*** DATA EXTRACT Section Begins ***

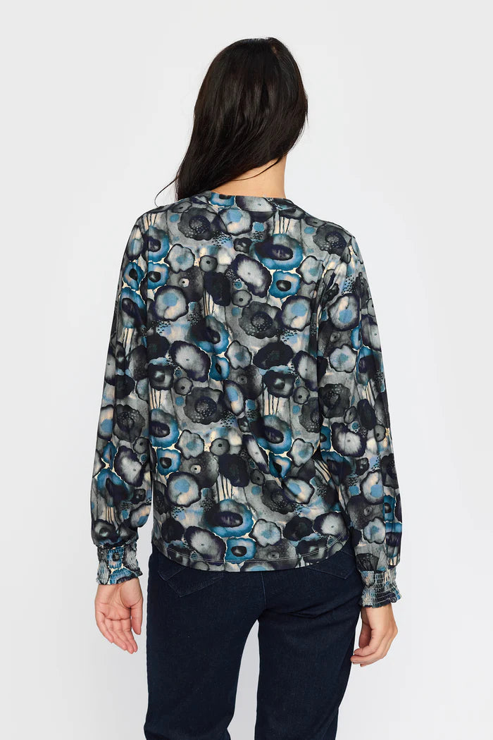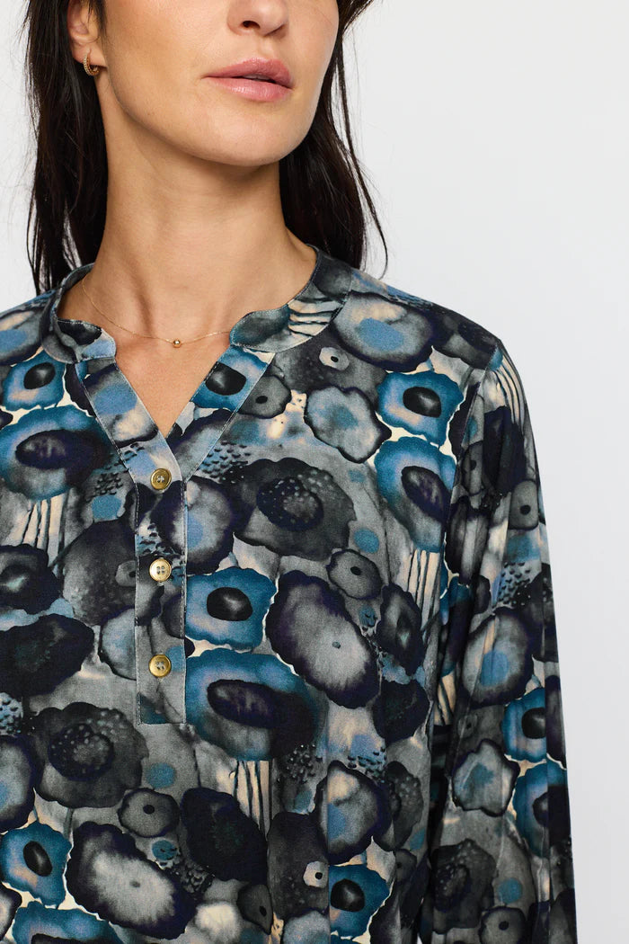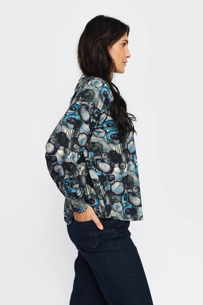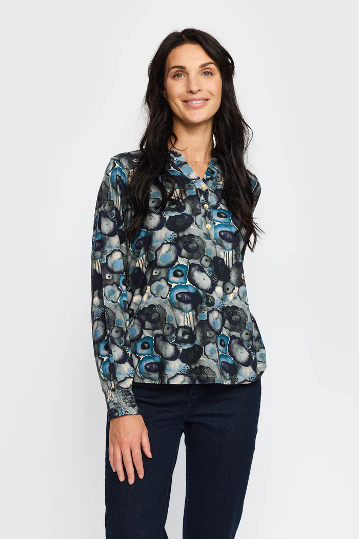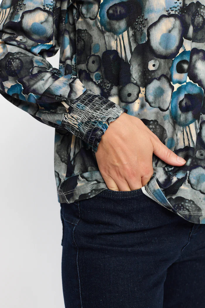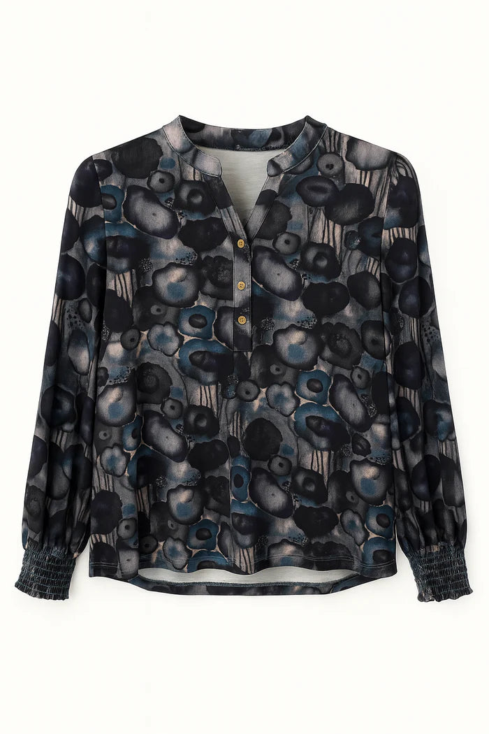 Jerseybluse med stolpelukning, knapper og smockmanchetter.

*** DATA EXTRACT Section Ends ***
*** DATA EXTRACT Section Begins ***

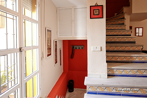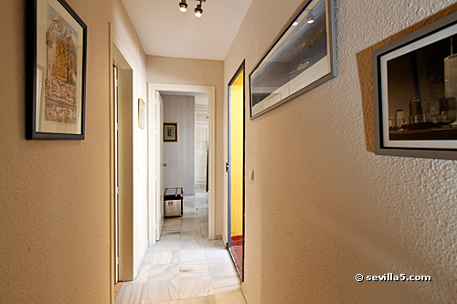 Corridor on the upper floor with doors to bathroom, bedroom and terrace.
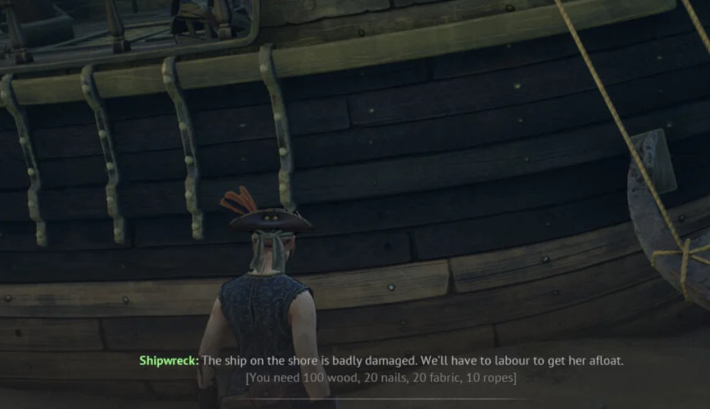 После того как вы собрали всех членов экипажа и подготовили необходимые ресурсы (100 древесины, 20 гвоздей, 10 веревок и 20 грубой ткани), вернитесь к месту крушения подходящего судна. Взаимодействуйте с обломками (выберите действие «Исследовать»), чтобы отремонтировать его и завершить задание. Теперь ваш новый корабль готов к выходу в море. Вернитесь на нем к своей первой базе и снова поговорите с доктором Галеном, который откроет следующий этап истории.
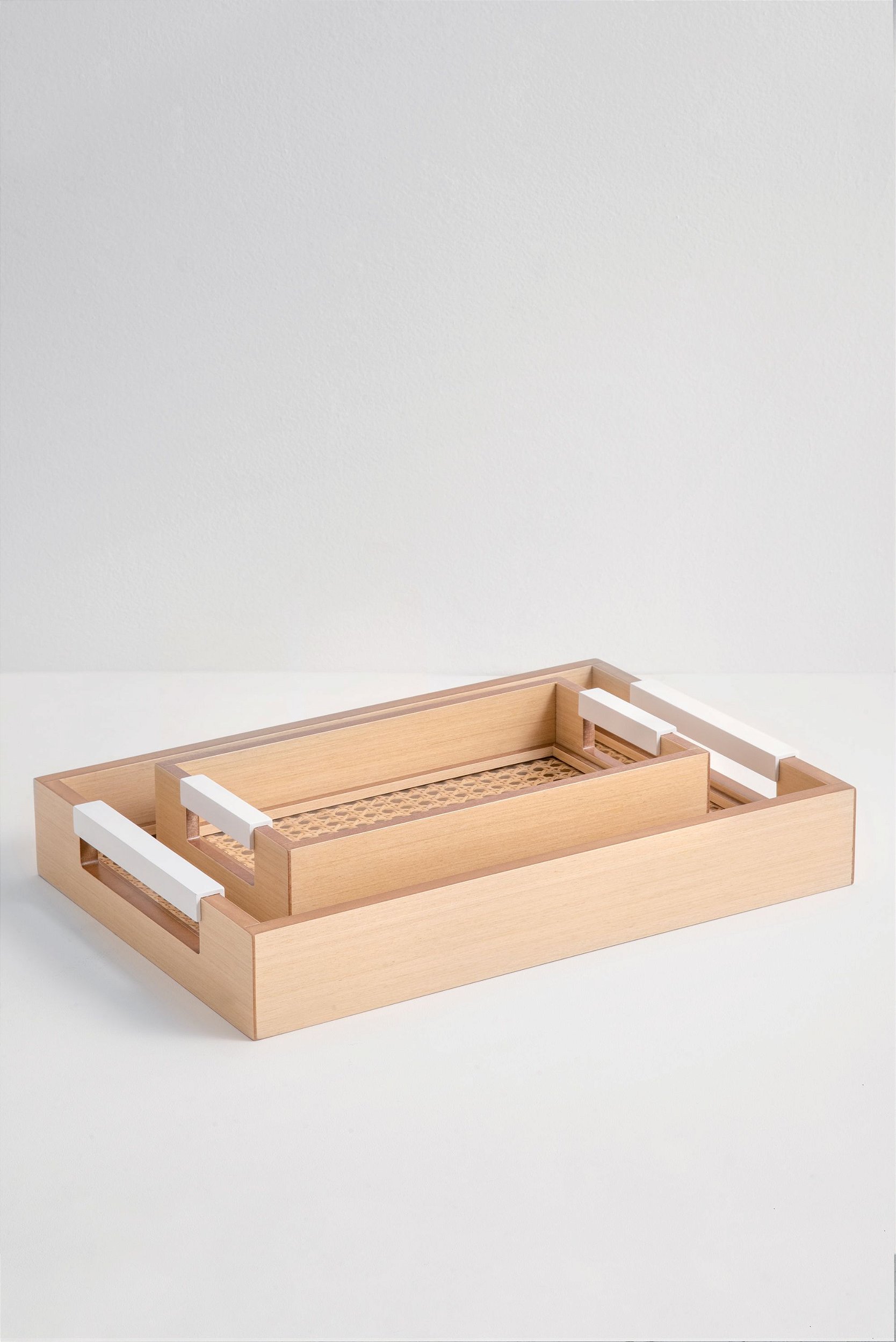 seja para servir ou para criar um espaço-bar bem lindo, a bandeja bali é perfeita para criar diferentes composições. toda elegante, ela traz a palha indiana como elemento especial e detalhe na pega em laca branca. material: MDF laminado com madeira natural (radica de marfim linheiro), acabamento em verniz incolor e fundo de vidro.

*** DATA EXTRACT Section Ends ***
*** DATA EXTRACT Section Begins ***

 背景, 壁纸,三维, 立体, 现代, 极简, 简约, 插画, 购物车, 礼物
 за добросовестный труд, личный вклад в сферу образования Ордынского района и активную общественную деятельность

*** DATA EXTRACT Section Ends ***

▶ PROBLEM REQUIREMENTS
From the line that has "背景, 壁纸,三维, 立体, 现代, 极简, 简约, 插画, 购物车, 礼物" through the line that has "за добросовестный труд, личный", copy every line exactly as it appears above, and leave out all others.

▶ ANSWER SPACE
 背景, 壁纸,三维, 立体, 现代, 极简, 简约, 插画, 购物车, 礼物
 за добросовестный труд, личный вклад в сферу образования Ордынского района и активную общественную деятельность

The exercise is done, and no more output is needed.